Friday, 14 December 2018

The book of Ruth


The Book of Ruth is named after its central figure, Ruth, who became the great-grandmother of King David and an ancestor of Jesus (Ruth 4:21–22; Matt 1:1,5). It is one of only two Biblical books bearing the name of a woman; the other is Esther.
        The author of this literary gem focuses on Ruth’s selfless devotion to her mother-in-law Naomi (1:16–17; 2:11–12; 3:10; 4:15) and her future husband Boaz’s kindness to them both (chapters 2–4). The book seeks to underscore the importance of faithful love among God’s kingdom people.
  Ruth is a history book, and is placed between Judges and 1 Samuel because it is set ‘in the days when the judges judged’. That time was characterised by moral and religious decay, oppression by foreign powers and national dis-unity. The book describes a rare time of peace between Israel and Moab.
  Before the main story commences, we learn of an Israelite family from Bethlehem — Elimelech and his wife Naomi, and their two sons Mahlon and Chilion. They had emigrated to the nearby country of Moab. Elimelech’s sons married Moabite women: Mahlon married Ruth and Chilion married Orpah. Elimelech later died.
  Naomi’s two sons later died in Moab (1:4), maybe following disease or famine; the book tells us the Moabite harvest had failed.
  The books starts with Naomi returning to Bethlehem. She told her daughters-in-law to leave her and return to their respective mothers and re-marry. Orpah reluctantly left; but Ruth was defiant, and said to her mother-in-law Naomi, ‘Where you go I will go, and where you stay I will stay. Your people will be my people and your God my God. Where you die I will die, and there I will be buried. May the Lord deal with me, be it ever so severely, if even death separates you and me’ (1:16–17). That a foreigner from Moab shows this amount of love shows the truth that participation in the kingdom of God is decided, not by blood or birth, but by conformity of life to the will of God. Her devotion to her mother-in-law marks her a true daughter of Israel despite being a gentile and a worthy ancestor of David. Further, her place in that ancestry shows that all nations will be represented in the kingdom of David’s greater Son.

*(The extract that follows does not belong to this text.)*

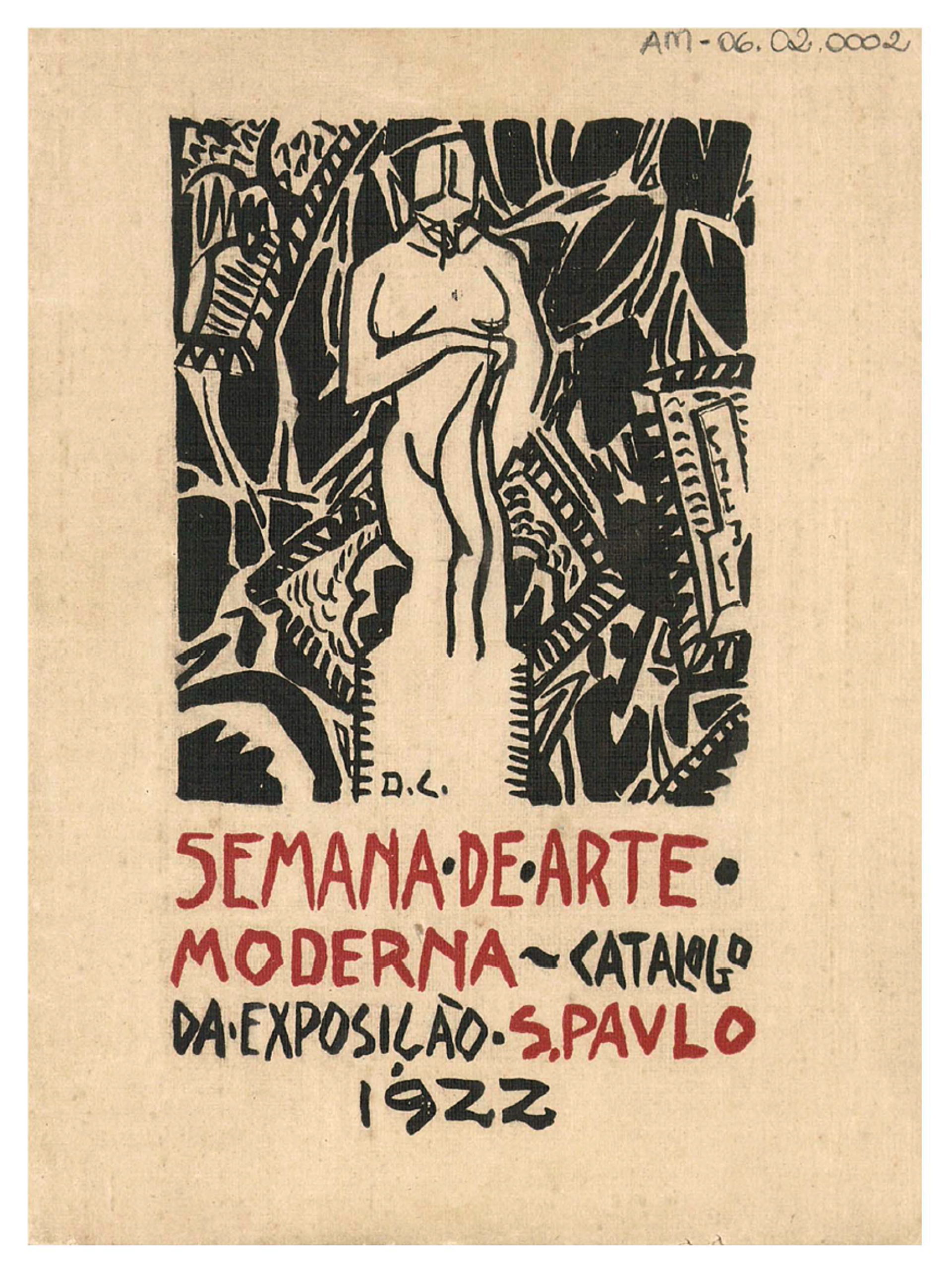 The catalogue cover illustrated by Emiliano di Cavalcanti for the Semana de Arte Moderna (Modern Art Week) event held at the Teatro Municipal in the city of São Paulo in 1922. Public domain.

  Ruth and Naomi returned to Bethlehem just as the barley harvest was starting. They were by now totally destitute so, in order to support herself and her mother-in-law, Ruth went to the fields to glean. (Leviticus comes to life here, with its injunction to leave part of the harvest for the needy, and with all of its concern and compassion for the underprivileged within society.) By chance, the first field Ruth visited belonged to a local grandee called Boaz. He was kind to Ruth because he knew of her loyalty to her mother-in-law. Later, Ruth told her mother-in-law Naomi of Boaz’s kindness, and the way he let her glean in his field through the remainder of the harvest season.
  We then learn that Boaz was a close relative of Naomi’s husband and legally obliged to marry Mahlon’s widow, Ruth, in order to carry on his bloodline. He agreed to do so.

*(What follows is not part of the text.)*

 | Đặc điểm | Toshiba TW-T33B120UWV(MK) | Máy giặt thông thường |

  Boaz and Ruth then married and had a son, who was named Obed. He was ‘the father of Jesse, the father of David’ (Ruth 4:13–17), that is, the grandfather of King David.

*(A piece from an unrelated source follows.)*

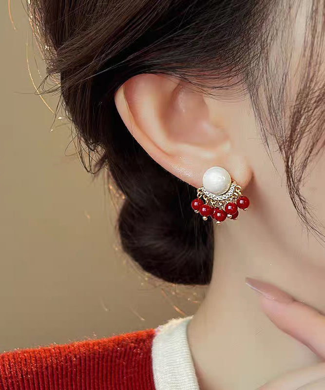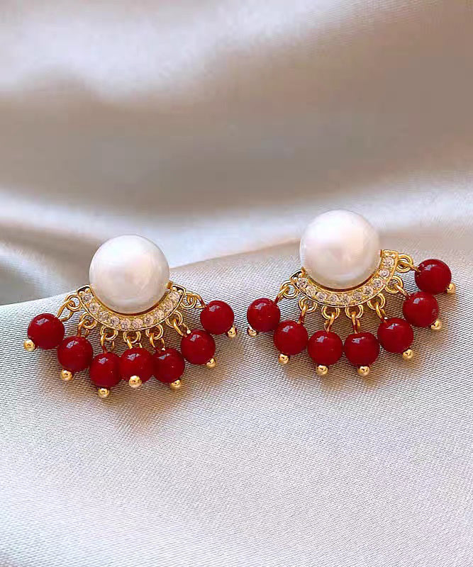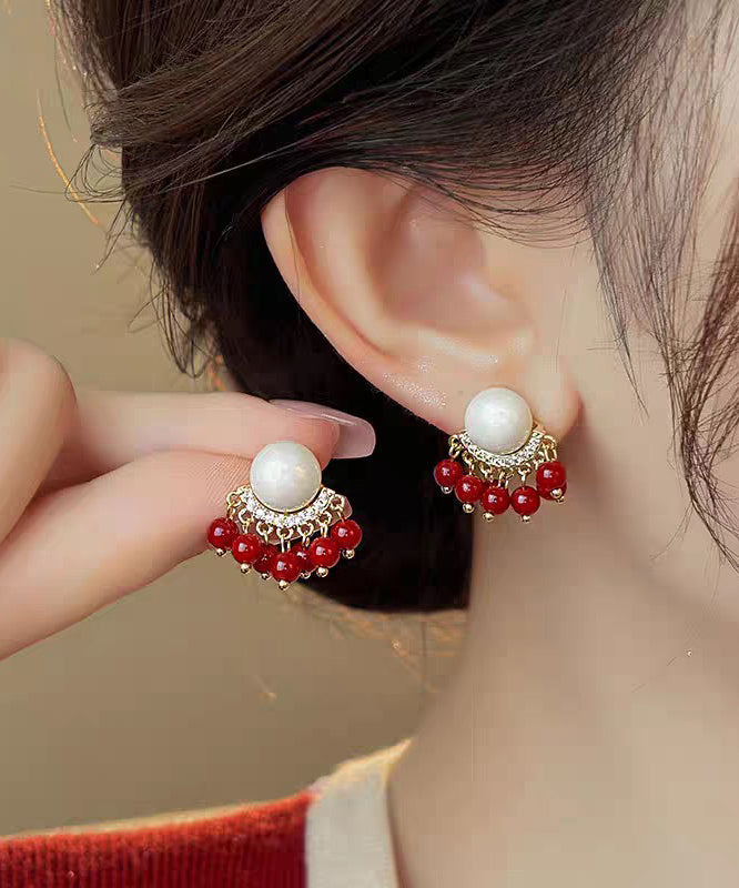 Original Design Colorblock Alloy Zircon Pearl Tassel Stud Earrings

  The book of Ruth is a Hebrew short story told with considerable skill. It is unexcelled in its compactness, vividness, warmth, beauty and effectiveness. Most striking is the contrast between the two main characters, Ruth and Boaz: the one is young, foreign, destitute and a widow, while the other is middle-aged, well-to-do and an Israelite securely established in his home community.